What's on Los Angeles | Index


by Jody Zellen

February 17, 2022


Hung Liu
Rainbow: In Memory of Hung Liu
Walter Maciel Gallery
January 8 - March 5, 2022


Hung Liu

Hung Liu passed away from pancreatic cancer on August 7, 2021. Just prior to her death, the exhibition Hung Liu: Golden Gate opened at the de Young Museum in San Francisco where it remains on view through August 7, 2022. The exhibition at the de Young includes a reproduction of her seminal work, Resident Alien from 1988, enlarged to span an entire wall. The painting depicts Liu's own Green Card inscribed with the name "Cookie, Fortune" and remains one of Liu's most well known works. A Chinese immigrant, Liu was formally trained in the social realist style of the Chinese Communist Party, yet through her graduate work at the University of California, San Diego begun in 1984 (she came to the United States to study at the age of 36), she started to use her art to explore stories of immigration. Since the mid 1990s, she was a professor at Mills College in Oakland, CA.

Liu had her first solo show at Walter Maciel Gallery in 2006 and he continued to support and champion her work, giving her solo exhibitions every few years. It was fitting for Maciel to host an exhibition to honor her memory and celebrate her career. A gracious wall text by Jeff Kelley, Liu's husband and studio manager, serves as the introduction to the exhibition and informs viewers that Liu's mother passed away from pancreatic cancer ten years before Liu succumbed to the same illness. Liu returned home to visit her ailing mother and created a suite of fifty-one small paintings a year after she passed. This body of work, titled To Live is on view as an homage to both mother and daughter.

Presented in groups on horizontal bands of color representing the rainbow, the paintings take viewers on a journey of remembrance. The To Live paintings are juxtaposed with other works that span Liu's career ranging from video to paintings on hand-made ceramic tiles, as well as examples from her Unthinkable Tenderness series that feature paintings inspired by Dorothea Lange photographs, like the large-scale enigmatic depiction of 'the migrant mother' in In the Camp II (2016).
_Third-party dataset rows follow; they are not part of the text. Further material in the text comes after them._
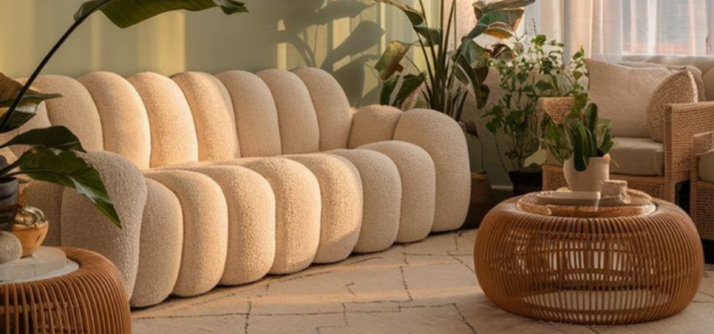 La paleta cromática se inclina por tonos vibrantes como el azul profundo, el verde esmeralda o el burdeos, combinados con neutros sofisticados como beige, blanco roto o negro carbón. En cuanto a las formas, predominan los volúmenes redondeados, los arcos y los diseños que evocan suavidad y movimiento, aportando dinamismo sin perder exclusividad.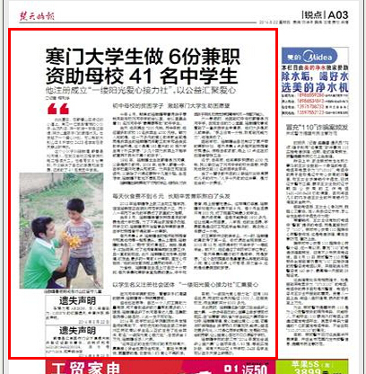 初中母校的贫困学子 激起寒门大学生助困愿望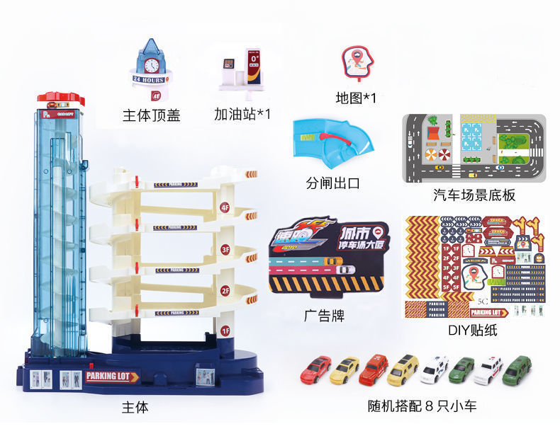 • [조명에는 배터리가 포함되어 있습니다] 4F 주차 빌딩 - 차량 22대 포함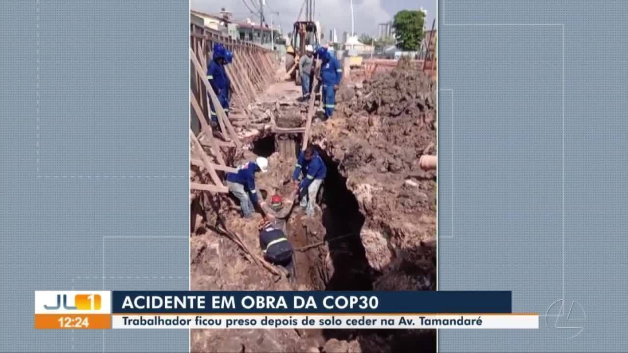 Homem fica preso no solo em obra da COP 30 feita em Belém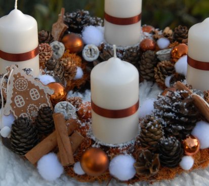 Bohatě zdobený věnec přírodninami a vánočními přízdobami....krásné perníčky jsou z filcu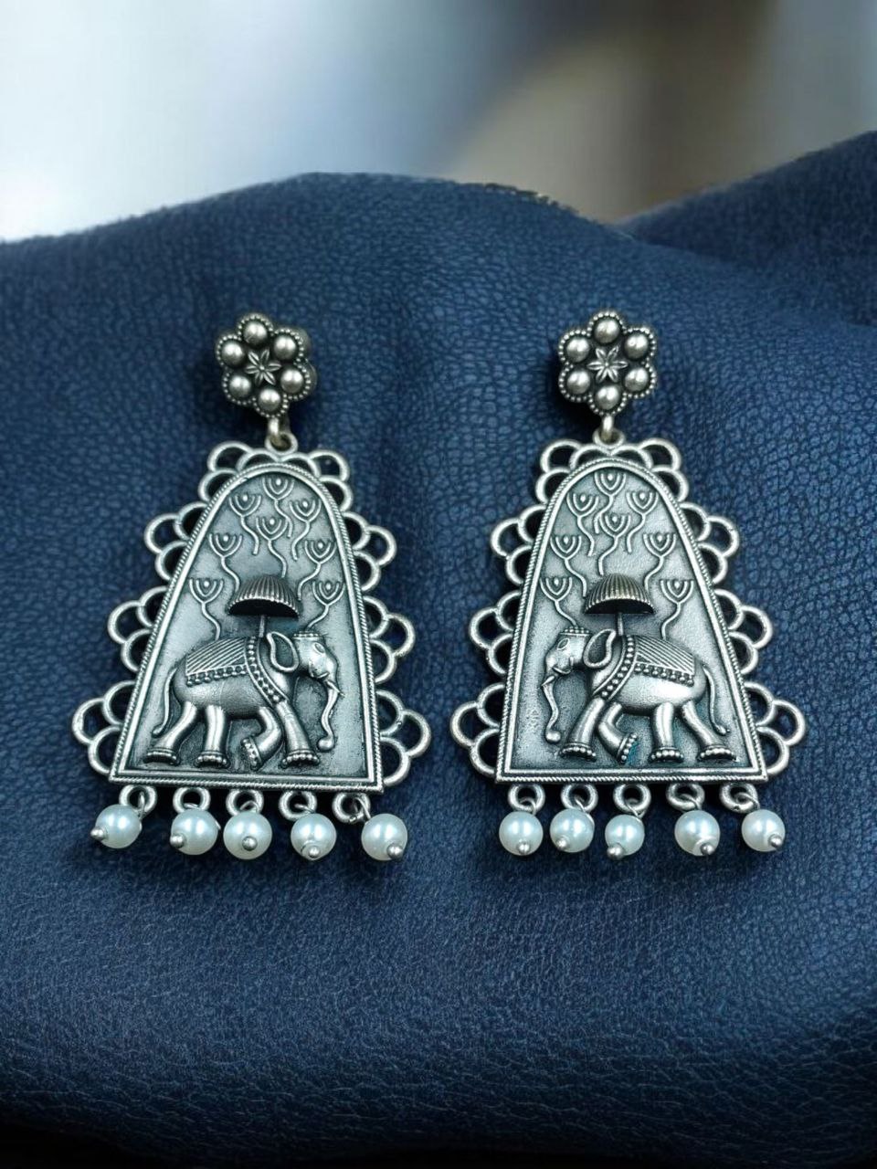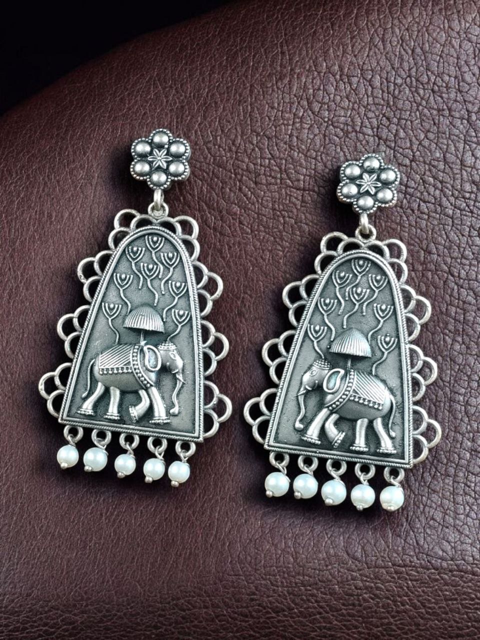 Antique Rustic Ethnic Earring Indian Elephant Dangler Brass Pearl Drops Designer Silver Oxidised Jewellery

Though bittersweet, the paintings that make up To Live call attention to everyday life, things taken for granted or overlooked, while bringing significance to that which is left behind. Liu began this series, working from photographs of things left in her mother's Beijing apartment including a bulb of garlic, bowls and jars of food, a shower stool, a power strip and other personal objects found in her home. Liu painted these things in close-up — cropping in on the objects so they fill the frame— quickly and expressively with large sweeping brush strokes. She created one 12 x 12 inch painting a day. Together, they become a portrait of a person as defined by the things that surrounded her. The painting To Live 33 depicts an empty bed and is followed by an image of a hospital monitor with flat lines. It is here that the sequence shifts from a celebration of life to the reality of death. The next two images illustrate the blackness and feelings of loss (To Live 34 (II): Blackness, January 28, 2012 and To Live 34 (III): Circle on Black, January 28, 2012). Liu then moves on to the process of mourning as depicted by the remaining paintings of lit, flickering candles. It is impossible to view these works and not wonder how they relate to Liu's own collection of objects and to see the lighted candles as a tribute to the spirit of the artist.

Three videos, a medium Liu was not necessarily known for, complement the To Live paintings as meditations on life and death. Projected in a darkened room is the short loop Between Sky and Earth (2013). In this mesmerizing piece, Liu cycles through a continuous grid of twenty images that morph from cloud-filled skies, to lit candles and road kill featuring birds and deer, as well as the amazing shapes of the citrus fruit known as Buddha’s hand. Based on snapshots Liu took with her cellphone before her mother's passing, the work, especially now, is a powerful meditation on life and death. During the less than four minute duration of Black Rain (2013) dark drips slowly cover a screen obscuring the orange glow of a cloud filled sky. The 4:49 minute Red Candle (2013) also complements the candle paintings in To Live. In this video, Liu filmed a flame of a burning candle against a deep black void, while focusing on the disappearing wick and melting red wax. Again, given that the exhibition is a tribute to the artist, this work also symbolizes the trajectory of life to death.

While Rainbow: In Memory of Hung Liu only presents a selection of works from Liu's long and varied career, it gives viewers plenty to think about and is a fitting tribute to an artist whose life was sadly cut short just when she was reaching her prime.